Are these passages the basis of the Catholic works based arguments, how is one to approach these rewards without falling into the trappings of legalism? And how in the end is this not a form of works based theology?


----------



## RamistThomist (Nov 20, 2007)

No Longer A Libertine said:


> Are these passages the basis of the Catholic works based arguments, how is one to approach these rewards without falling into the trappings of legalism? And how in the end is this not a form of works based theology?



I understand what you are saying. If I were the proponent of this--don't have a position either way--I would probably say that these works are neither the grounds of are salvation nor is our salvation (e.g., getting to the hereafter) contigent upon these works.


----------



## DMcFadden (Nov 20, 2007)

wsw201 said:


> At the Ligonier Conference a few weeks ago, RC Sproul mentioned that there are 27 rewards that Christians can get when they get to heaven.
> 
> Does anyone know . . .*how you get them*??



Die


----------



## wsw201 (Nov 20, 2007)

Spear Dane said:


> No Longer A Libertine said:
> 
> 
> > Are these passages the basis of the Catholic works based arguments, how is one to approach these rewards without falling into the trappings of legalism? And how in the end is this not a form of works based theology?
> ...



Travis,

That was my first thought as well, but I think Jacob is right that these rewards that Sproul mentioned are not for salvation.

I know Christ said that in heaven there were many mansions but maybe our reward is a condo on the beach or a shack on the other side of the tracks depending on how we do down here. 

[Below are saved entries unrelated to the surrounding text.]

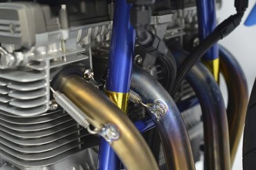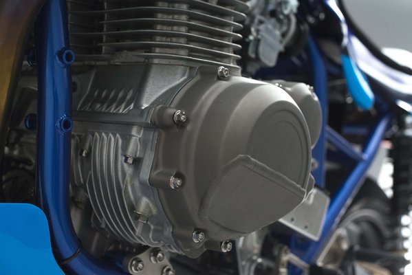 És még mielőtt valaki azt gondolná, hogy az ilyen veterán versenyeken nem mennek igazán tempót, érdemes vetni egy pillantást motor baloldali deknijére, amiből kivágtak egy darabot a forgattyúsháznál, hogy nyerjenek még egy kis dőlésszöget.
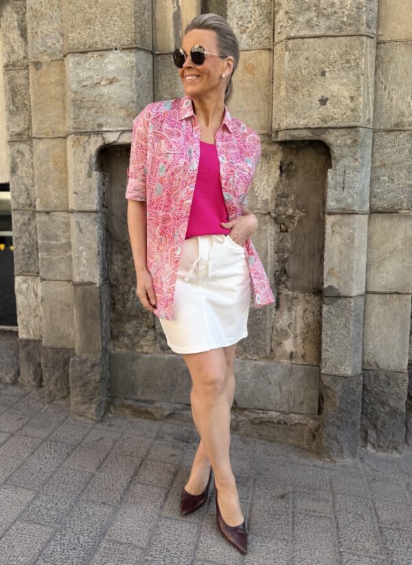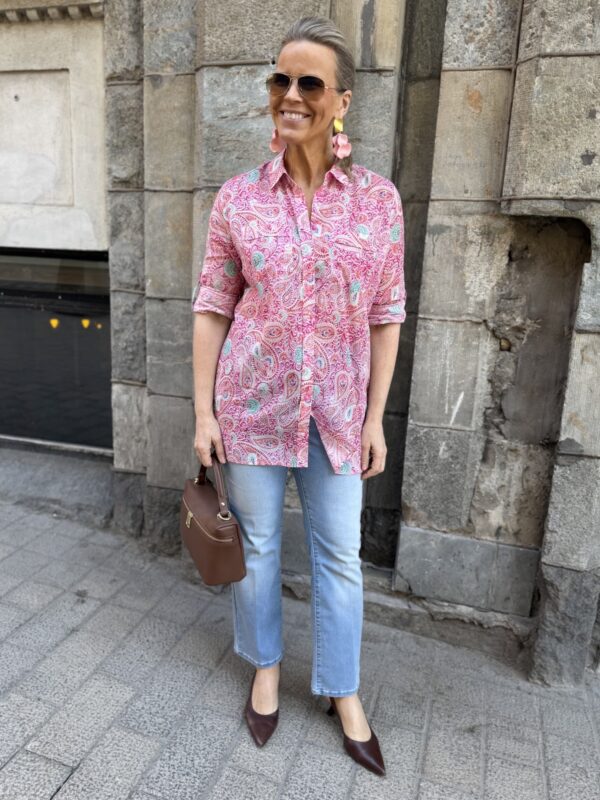 Moni Neda paita kukkakirjailulla; vaaleansininen
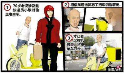 据说因为当时递送员没有拔钥匙,才让老汉有了机会!
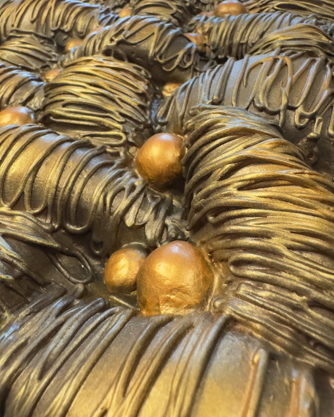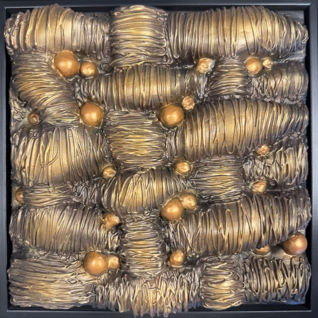 This artwork reflects the luxurious textures and golden hues while celebrating the multifaceted brilliance of the person it’s gifted to. It suggests a rich, interconnected masterpiece—just like their diverse talents and extravagant personality.
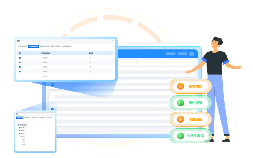 系统提供界面定制选项和细致的权限管理功能,客户可以自主配置用户的查看权限,如能查看的功能、组织层级、干部级别、业务子数据等。
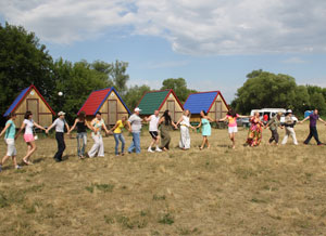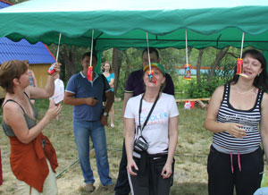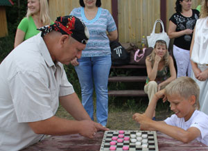 В этом году спортсмены всех возрастов состязались в командном первенстве, где должны были быстро надуть шары и выстроить из них дом, умудриться, съесть без помощи рук висящую конфету, промчаться по траве не «ледянке» и выполнить еще массу смешных заданий. Соревновались в игре в дартс, шашки, шахматы, играли в волейбол и бадминтон.
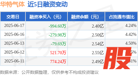 本站消息,6月17日加配网,华特气体(688268)融资买入356.41万元,融资偿还1351.01万元,融资净卖出994.6万元,融资余额2.4亿元。

I know Scripture mentions the various crowns that one can get but I'm not too sure we should take these crowns as literal crowns. I think the rewards may end up being about your status in heaven?


----------



## No Longer A Libertine (Nov 20, 2007)

I'm too ignorant to comment much further but this topic rattles me a bit.
I can't comprehend within reformed theology my works being worthy of much of anything and in light of what a disastrous wretch I am I can't see getting more than table scraps if this is true.


----------



## Amazing Grace (Nov 20, 2007)

wsw201 said:


> Spear Dane said:
> 
> 
> > No Longer A Libertine said:
> ...



Rewards will equal more worship and service to the reigning Lord. Since there are no reali scriptures that teach a degree of rewards system, they are said to "imply' the same. The mistake has a foundation of 2 judgements. Truth is that 'there is one judgment where all must stand before God.' What would we merit reward for, when Christ did it all? 


Matthew 20:1-16

* "For the kingdom of heaven is like unto a man that is an householder, which went out early in the morning to hire labourers into his vineyard.

* And when he had agreed with the labourers for a penny a day, he sent them into his vineyard.

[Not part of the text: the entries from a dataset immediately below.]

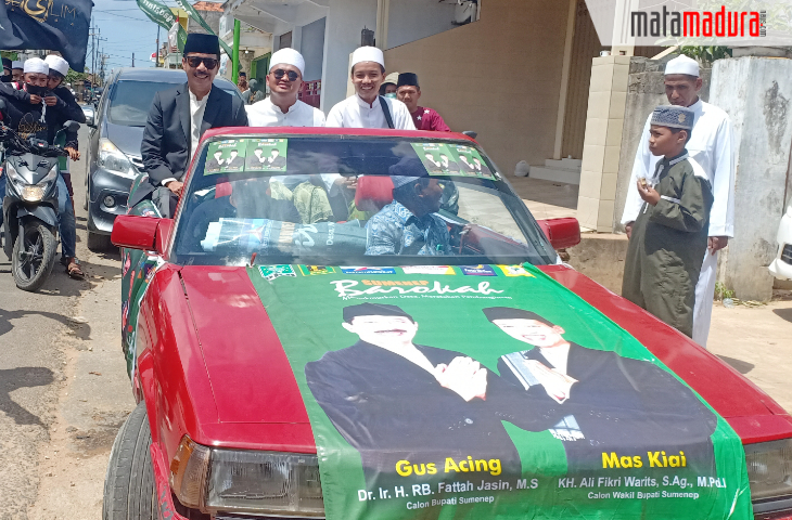 Bacabup Fattah Jasin dan Bacawabup KH Ali Fikri Warits saat diarak menuju Doa Bersama di Desa Laok Janjang, Arjasa, Kangean, Kamis (27/8/2020). Doa Bersama yang diadakan Kelompok Shalawat Nariyah Geslim untuk Pemenangan Fattah-Kiai Fikri di Pilkada Sumenep 2020. (matamadura)
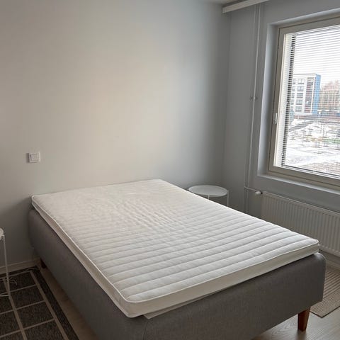 Ikea runkopatja skårer puolikiinteä, alle vuoden yöt nukuttu ja siistissä kunnossa (päällä ollut paksu petauspatja ja patjansuojus). Kuvasta poiketen erilaiset sängynjalat
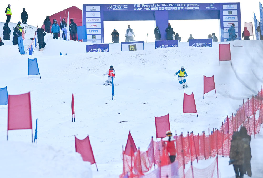 2月22日,2024-2025賽季國際雪聯(lián)自由式滑雪世界杯(北大湖站)雪上技巧女子雙人比賽在吉林市北大湖滑雪度假區(qū)舉行。新華社記者 顏麟蘊(yùn) 攝
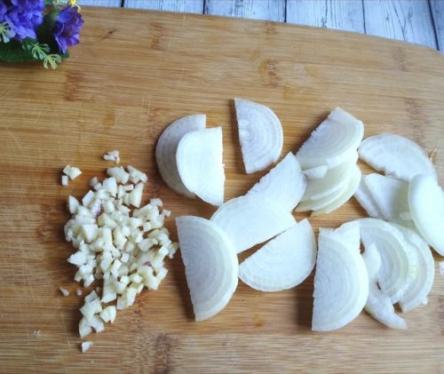 Лук полукольцами нарезаем, а чеснок — мелкими кусочками или через пресс (если хотите крупнее).
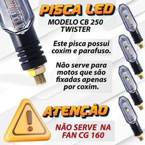 atenção não serve em fan cg 160-----somente em bros 160 Descrição Pisca led modelo cb 250 twister. atenção Este pisca possuiu coxim e parafuso. Elas não serve para motos que as setas pisca são fixados apenas por coxim Não serve em motos com setas modelo novos Aplicação: Honda cbx 250 twister. 2001 a 2008 Honda cb 300. 2009 a 2015 Honda xre 190. todas Honda titan 150 - 125. modelo abaixo de 2013 Honda fan 125 - 150. modelo abaixo de 2013 Honda nxr 160 - 150 - 125. todas Honda xr 250 tornado. todas Honda cbx 200 - 150. todas ybr 125 - 150. todas fazer 150 - 250. todas xtz 125 - 150 - 250. todas xt - tdm 225. todas Suzuki yes 125 - 150. todas Dafra speed 150. todas Obs: Serve para todas as motos que utilizem parafuso para fixação como e de parafuso pode ser adaptado em qualquer moto,nâo nos responsabilizamos por nenhuma estalaçâo ou adaptação Descrição: Produto elaborado com material de alta qualidade, testado e aprovado dentro das normas de segurança. Acompanha na embalagem: 04 pisca led. Instalação: Atenção Recomendamos que a instalação seja feita por . Não nos responsabilizamos pelo mau uso do produto,não sendo estalado como manda as orientações enviado junto ao produto e pra não funcionamento do produto,não por mal uso
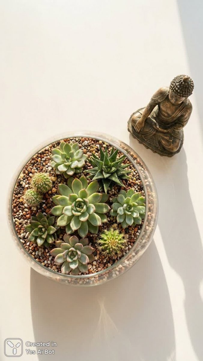 Мир суккулентов и кактусов: гармония природы и восточной философии в флорариуме - Пример изображения из нейросети Nano-Banana
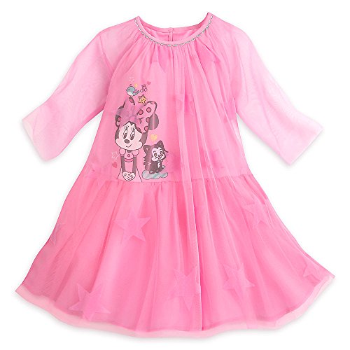 Minnie mouse is sweet and cute, and now she's fancy too, on this perfectly pink dress. As she shares a smile with her kitten Figaro, your little darling will delight in the elegant top layer of mesh that gives the whole look a dreamy feel.Feature
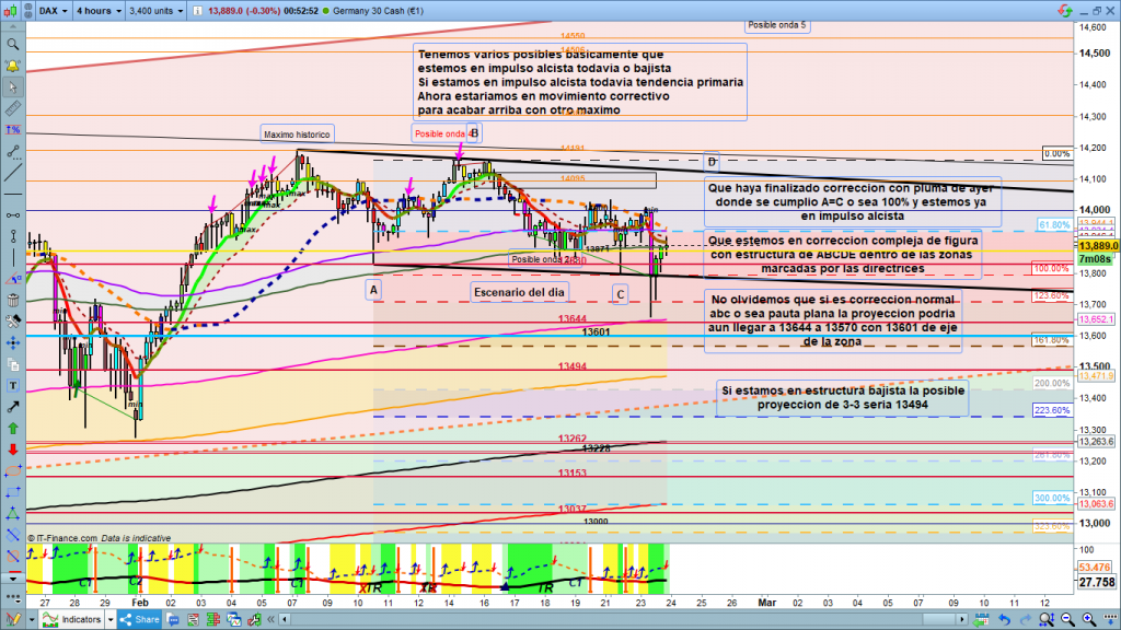 Ayer planteaba en el gráfico de 4 horas diferentes escenarios, explicando cada estructura posible y cuáles serian los puntos de validación o de entrada, así como los posibles objetivos. Trace una posible estructura de figura, y dentro de los posibles movimientos para la operativa del día de ayer, en una de las posibles estructuras bajistas, explicaba que perdiendo 13940 con validación, objetivo claro y muy seguro 13871. Trade para el muy corto plazo prácticamente en apertura como así fue, después ya era un poco más complicado, ya que de las dos posibles bajistas, la validación no la tendríamos hasta perder la directriz inferior, o tras la perdida del 13760. Esta rotura daba un recorrido interesante con primer objetivo la zona 13644 a 13570, con 13601 como eje de la zona objetivo. Esto es lo que explicaba en el día de ayer en el Análisis Diario Dax 23 febrero 2021
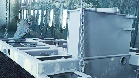 車架采用水洗拋丸后的熱軋鋼板經(jīng)沖壓、鉚接/焊接而成,車架在使用過程中條件較為惡劣,要求產(chǎn)品涂裝后具有較高的防腐蝕性能并具有短期流轉(zhuǎn)防護的耐候性能。

* And he went out about the third hour, and saw others standing idle in the marketplace,

* And said unto them; Go ye also into the vineyard, and whatsoever is right I will give you. And they went their way.

* Again he went out about the sixth and ninth hour, and did likewise.

* And about the eleventh hour he went out, and found others standing idle, and saith unto them, Why stand ye here all the day idle?

* They say unto him, Because no man hath hired us. He saith unto them, Go ye also into the vineyard; and whatsoever is right, that shall ye receive.

* So when even was come, the lord of the vineyard saith unto his steward, Call the labourers, and give them their hire, beginning from the last unto the first.

* And when they came that were hired about the eleventh hour, they received every man a penny.

* But when the first came, they supposed that they should have received more; and they likewise received every man a penny.

* And when they had received it, they murmured against the goodman of the house,

* Saying, These last have wrought but one hour, and thou hast made them equal unto us, which have borne the burden and heat of the day.

* But he answered one of them, and said, Friend, I do thee no wrong: didst not thou agree with me for a penny?

* Take that thine is, and go thy way: I will give unto this last, even as unto thee.

* Is it not lawful for me to do what I will with mine own? Is thine eye evil, because I am good?

* So the last shall be first, and the first last: for many be called, but few chosen". 


The lesson here is that no matter how much we work, how good we work, how long we work, how hard we work, or what burden we bear while working, we will all receive the exact same reward for the work completed.

The crowns mentioned, I believe there are 6, only speak of reigning with Christ. they are not different crowns, but all aspects that the elect will have complete..

That is why I actually disagree and dislike the Hymn "Old Rugged Cross"

So I’ll cherish the old rugged cross,
Till my trophies at last I lay down;
I will cling to the old rugged cross,
And exchange it some day for a crown.


----------



## Me Died Blue (Nov 20, 2007)

Regarding the various passages throughout both the Old and New Testaments that specifically speak of reward for various ways of life, good deeds, and endurance of persecution, I honestly see nothing in the texts that specifically point to or implies anything beyond the reward of eternal life and glorification that all believers are guaranteed on the basis of their unity with Christ and their credit of His active obedience - and I certainly see no (systematic) theological reason to believe such, either.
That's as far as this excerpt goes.